You have a circuit that has 4 resistors and a 24 volt battery Let the resistors have resistances of R 1 =4Ω,R 2​=6Ω,R 3 =8Ω,R 4 =10Ω. Answer the following questions using Kirchoff's rules:

(a) What is the current through R 3 in a circuit where you have the battery, then the first two resistors (R 1,R 2) hooked up in series, followed by the second two resistors (R 3,R 4 ) hooked up in parallel, before reconnecting back to the battery. (Show your circuit and what you choose for the loop(s) and junction(s) as part of your solution).

Answer 1

The current through resistor R3, when R1 and R2 are in series and R3 and R4 are in parallel, is calculated using Ohm's law. After computing the equivalent resistance of the parallel and series combinations, the current through R3 is found to be 3 A.

Step-by-step explanation:

To find the current through R3 in a circuit where R1 = 4 Ω and R2 = 6 Ω are connected in series, and R3 = 8 Ω and R4 = 10 Ω are connected in parallel, we can use Kirchhoff's rules.

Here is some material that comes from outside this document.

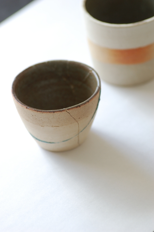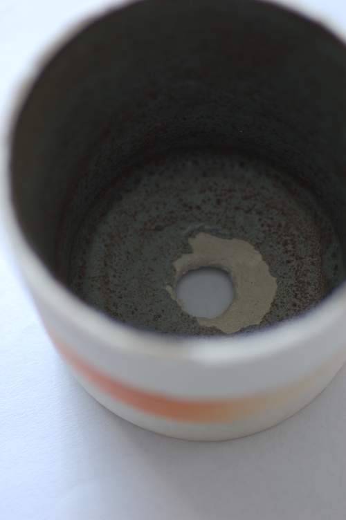 自分は今回は落として割れてしまった御猪口を瞬間接着剤で張り付けたものと、趣味の陶芸にて制作時に側面にヒビが入り器としては使用しづらいものを使いました。唯一、難しそうなのは底に穴をあける行程ですが、最悪は割れてしまっても接着剤でつければいいやくらいのつもりで(笑)トンカチの角でユックリとトントンすこしづつ叩いていくと徐々に欠けていきます。水抜きの穴なのでサイズも適当な大きさ(敷きこむ小石が落ちない程度)で問題ありません。
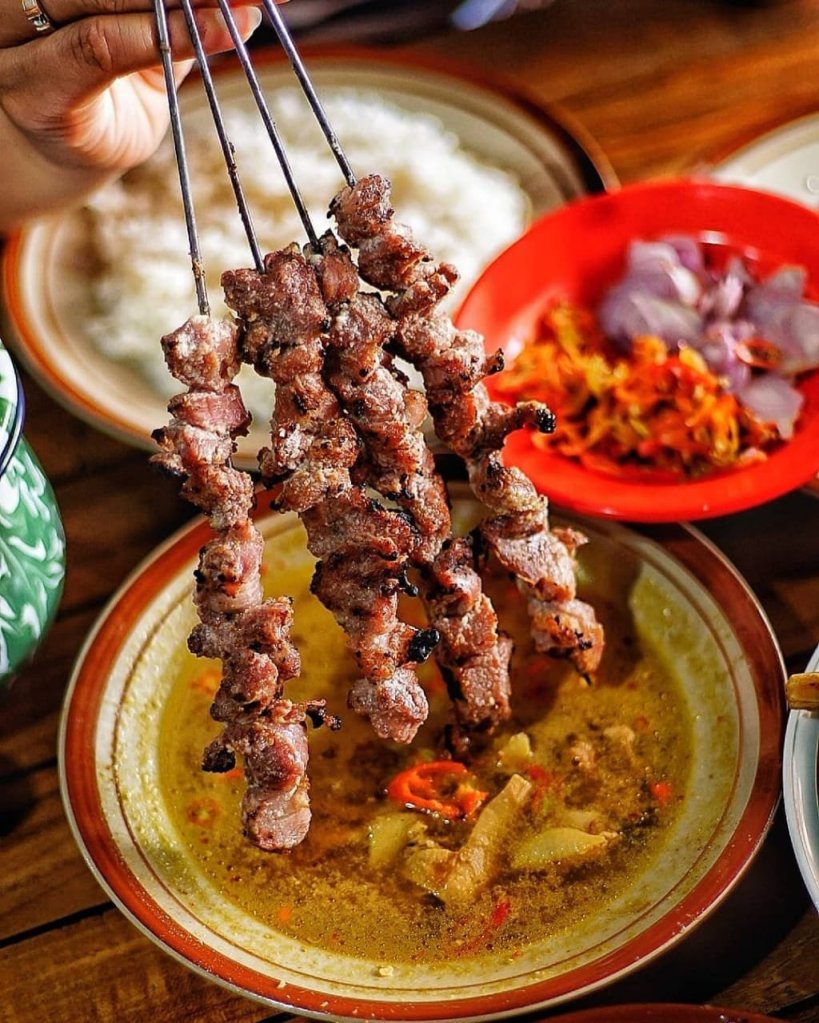 Sate merupakan jenis makanan olahan daging yang menjadi legendaris di tanah air. Namun, sate juga banyak bermacam-macamnya sesuai dengan daerah tertentu. Nah sate yang terkenal di Jogja ini adalah sate klatak. Bedanya dengan sate yang lain yaitu sate klatak ini tidak menggunakan bambu untuk menusuk dagingnya, melainkan menggunakan besj jeruji sepeda. Proses pembakarannya pun hanya dibumbui dengan garam dan merica. Kamu bisa menyajikan sate klatak ini bersama dengan kuah gulai.

First, we find the equivalent resistance of R3 and R4 in parallel:

R34 = 1 / ((1/R3) + (1/R4)) = 1 / ((1/8) + (1/10)) = 4.44 Ω

The total resistance in the circuit is the sum of the series resistances: Req = R1 + R2 + R34 = 4 Ω + 6 Ω + 4.44 Ω = 14.44 Ω.

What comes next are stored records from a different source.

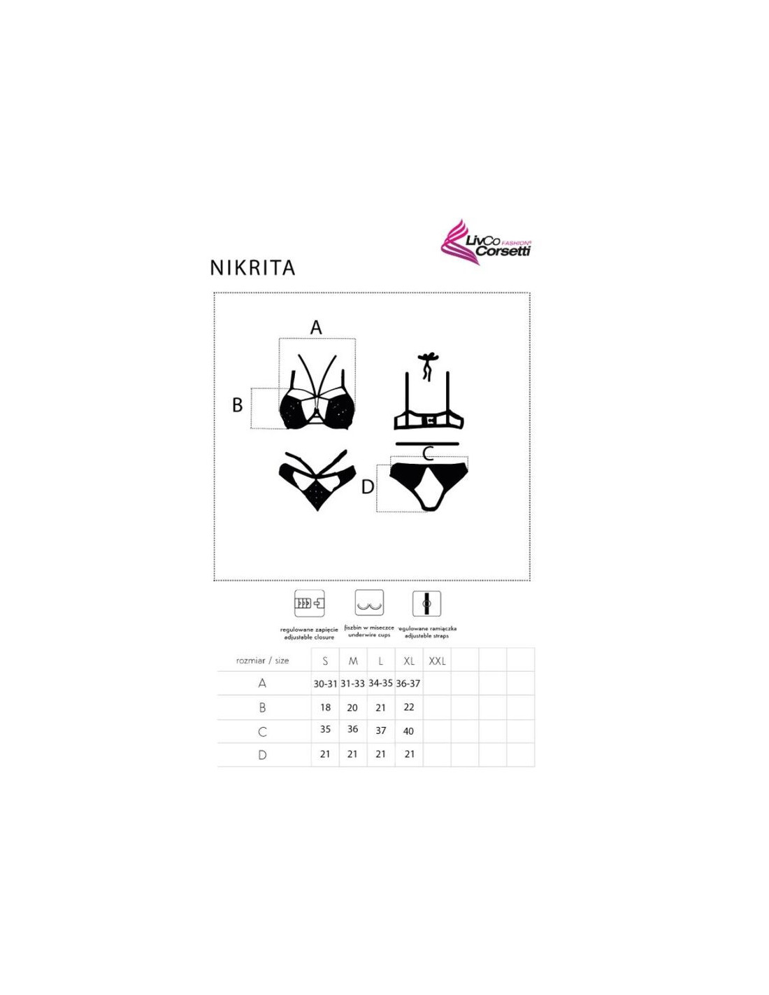 The product is available in various sizes from S to XL. Both the bra and the panties have adjustable straps and back for a perfect fit. The Nikrita lingerie set is a proposal for women who value classics, but also like daring styles!
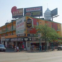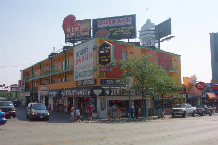 - Mystery Maze on the far left ; The Pilgrim restaurant and Dairy Queen Ice cream on the right ; Sheraton on the Falls Hotel on the far right ; Casino Niagara Tower visible in the background ;
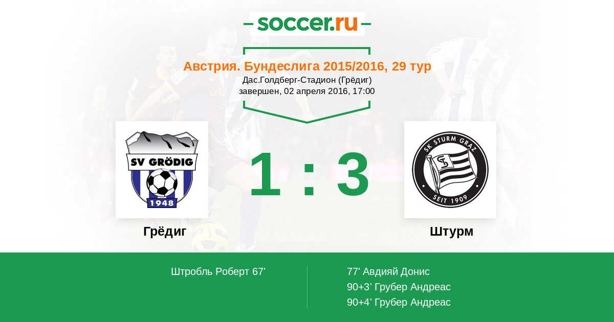 Гол90+3' (1:2) Грубер Андреас (22) (Авдияй Донис (77))

Using Ohm's law, V = I * R, the total current supplied by the battery is: I = V / Req = 24 V / 14.44 Ω = 1.66 A.

The voltage drop across R1 and R2 is the same as the total voltage supplied across R34, which is 24 V. Hence, using Ohm's law again, the current through R3 can be determined: I3 = V / R3 = 24 V / 8 Ω = 3 A.